Chad Kushins’s Beast is a deep and entertaining dive into the life of John Bonham, one that walks with him up to and through his days with Led Zeppelin. To read Beast is to add another dimension to John Bonham, shedding further light on what inspired him to play those iconic beats, and serves as a worthy companion piece to his recorded work, which is the greatest story of all. And as we continue on our ongoing quest to translate his language, to decode the magic of his feel, let’s allow his music to serve as the celebration of the man behind the myth, the greatest drummer of all time. After all, there can be only one.

It has been thirty-four years since that night in Amsterdam when I received my first tattoo, and every time I look in the mirror I am reminded of its meaning. Over time, tattoos inevitably fade as the ink begins to blur and bleed. The shallow puncture of a needle can brand only so deep; it’s the heart that is marked forever. And we can all thank John Bonham for that. So, let’s begin.

“We’ve done four already, but now we’re steady, and then they went… 1… 2… 3… 4…”

—Dave Grohl, 2021




PROLOGUE

A FINAL, RADIANT HOUR

Sunday, July 17, 1977

The Kingdome

Seattle, Washington

10:20 p.m.

Two and a half hours into the show, under dozens of hot lights—their multitude of colors burning their beams down upon the four men—thousands of twinkling dots in the vast darkness formed a swaying ocean of incandescence like a sea full of stars. The cigarette lighters among the sixty-two thousand in attendance had been flickering since the music started—since fans first heard the sound of the drums rumbling and watched the pyrotechnics light up the stage. The thunder and the lightning.

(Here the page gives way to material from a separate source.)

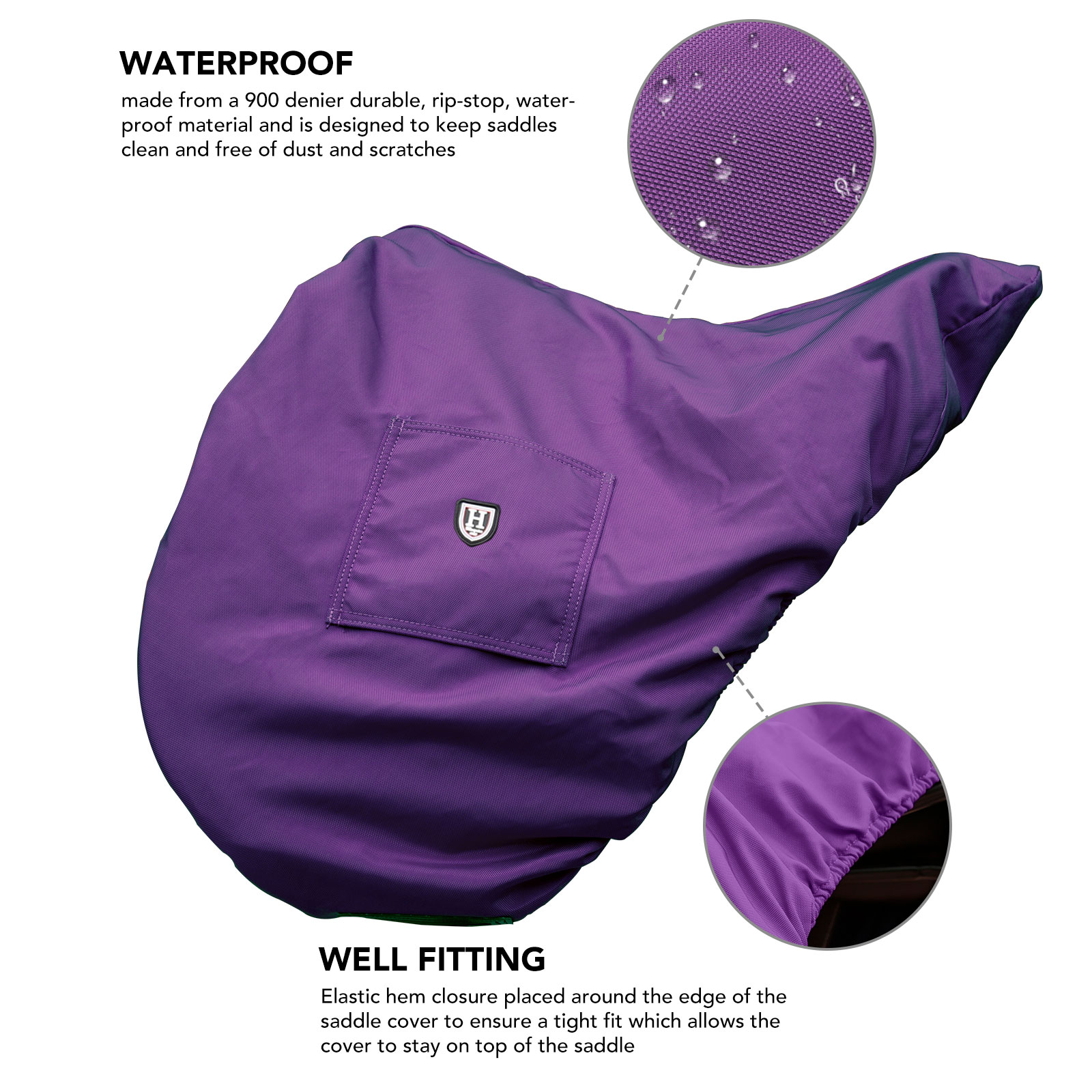 DURABLE MATERIAL: made from a 900 denier durable, rip-stop, waterproof material, this english saddle cover provides reliable protection, keeping your saddle clean and safeguarded.
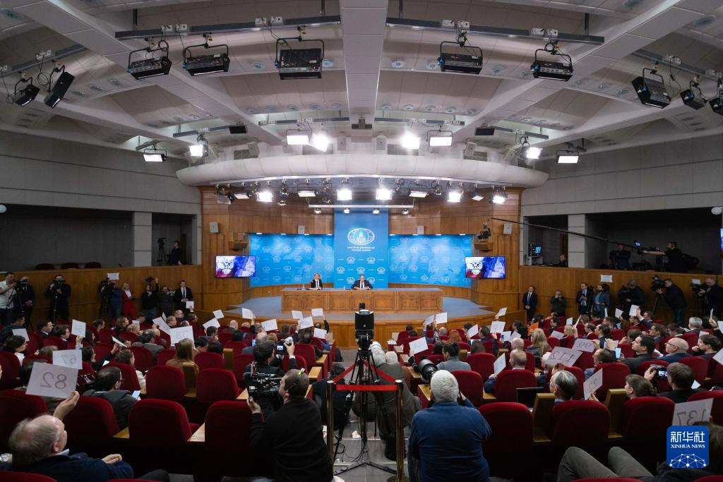 1月14日,在俄羅斯首都莫斯科,媒體記者舉手提問(wèn)。新華社記者 白雪騏 攝

The lithe blond front man took to the center of the stage, brushing his damp, curled locks behind his ear with a flick of the wrist. He moved it with a flourish of his left hand before stepping to the microphone. The calls of the thousands resounded in the arena’s echo as an all-encompassing deafening pulse. He was visibly weary. Weary from the previous thirteen songs he’d already performed, from the thirty-nine shows this leg of the tour around America had included, from a lingering limp—the memento of the automobile accident that should have killed him.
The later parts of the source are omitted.